• **Aim of the task**:
Omit the pictures, then write out every entry exactly as it reads.

....

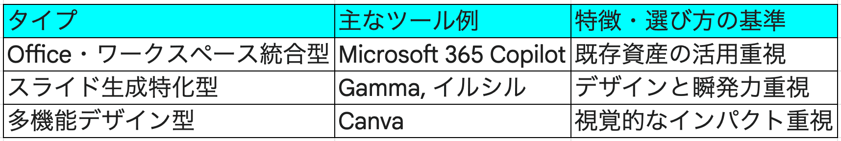 一口に資料作成AIと言っても、その特性はツールによって大きく異なります。まずは、自分がどのタイプを求めているのかを整理してみましょう。
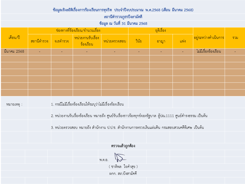 ข้อมูลเชิงสถิติเรื่องการร้องเรียนการทุจริต เดือน มีนาคม 2568
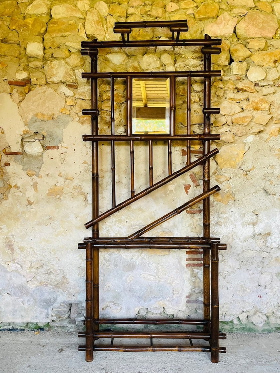Vintage halstandaard van bamboe met afgeschuinde spiegel, 1920
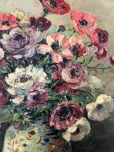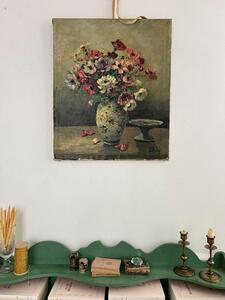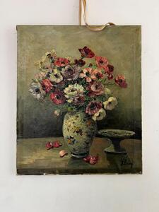 Tableau bouquet. Huile sur toile sur châssis à clés. Vers 1930. 60 cm x 50 cm.
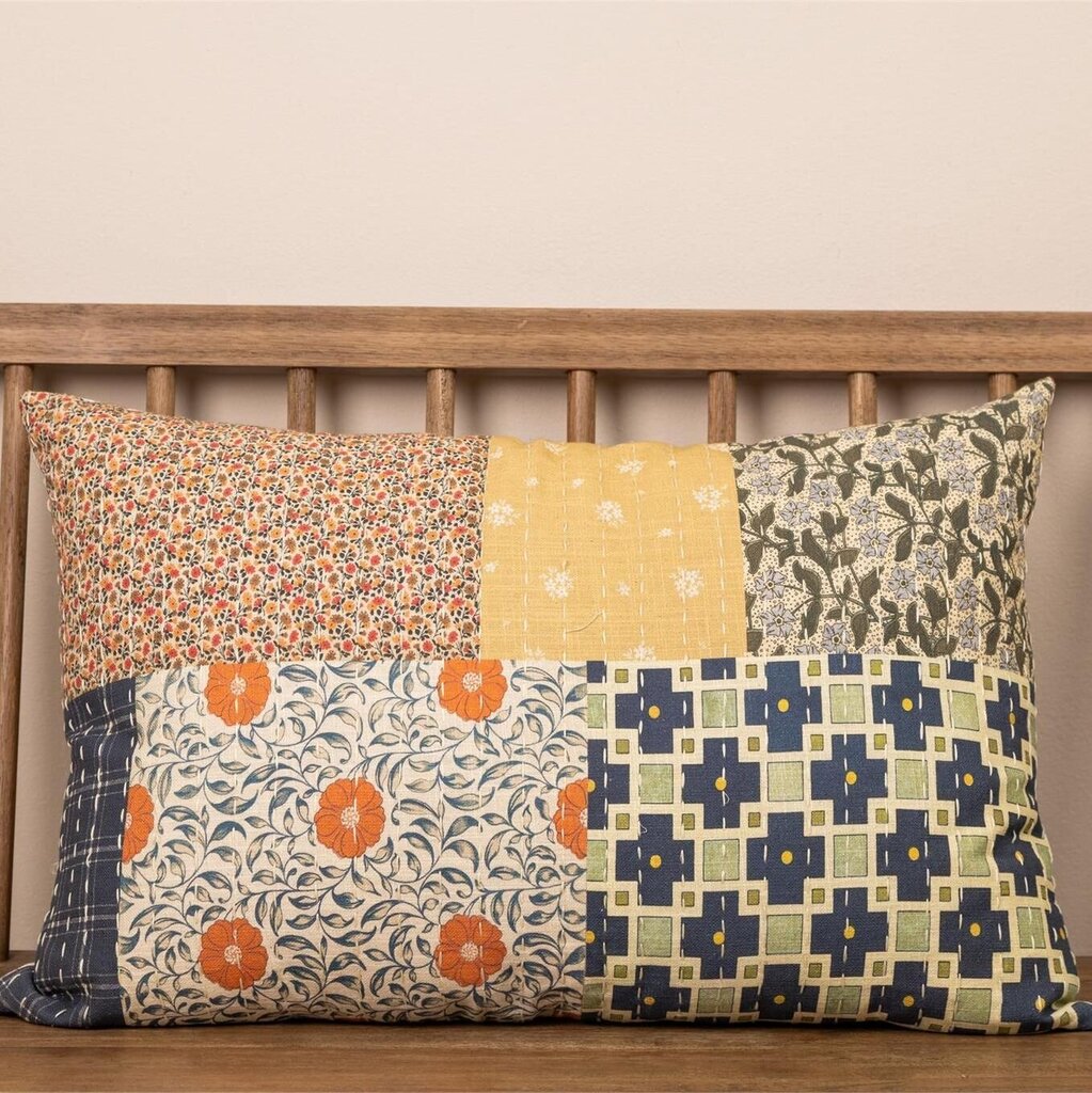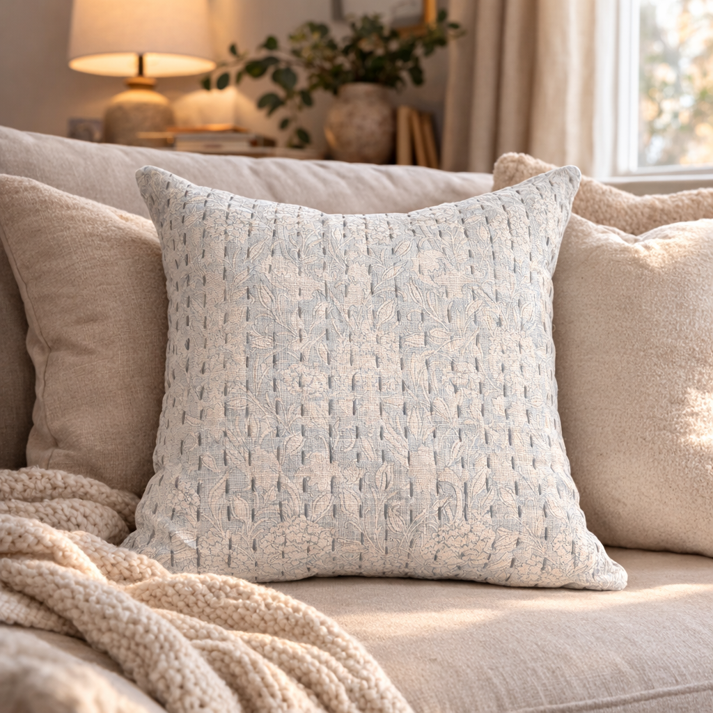 Woven Cotton Lumber Pillow + Kantha Stitch Flowers

....

• **Answer area**:
 一口に資料作成AIと言っても、その特性はツールによって大きく異なります。まずは、自分がどのタイプを求めているのかを整理してみましょう。
 ข้อมูลเชิงสถิติเรื่องการร้องเรียนการทุจริต เดือน มีนาคม 2568
Vintage halstandaard van bamboe met afgeschuinde spiegel, 1920
 Tableau bouquet. Huile sur toile sur châssis à clés. Vers 1930. 60 cm x 50 cm.
 Woven Cotton Lumber Pillow + Kantha Stitch Flowers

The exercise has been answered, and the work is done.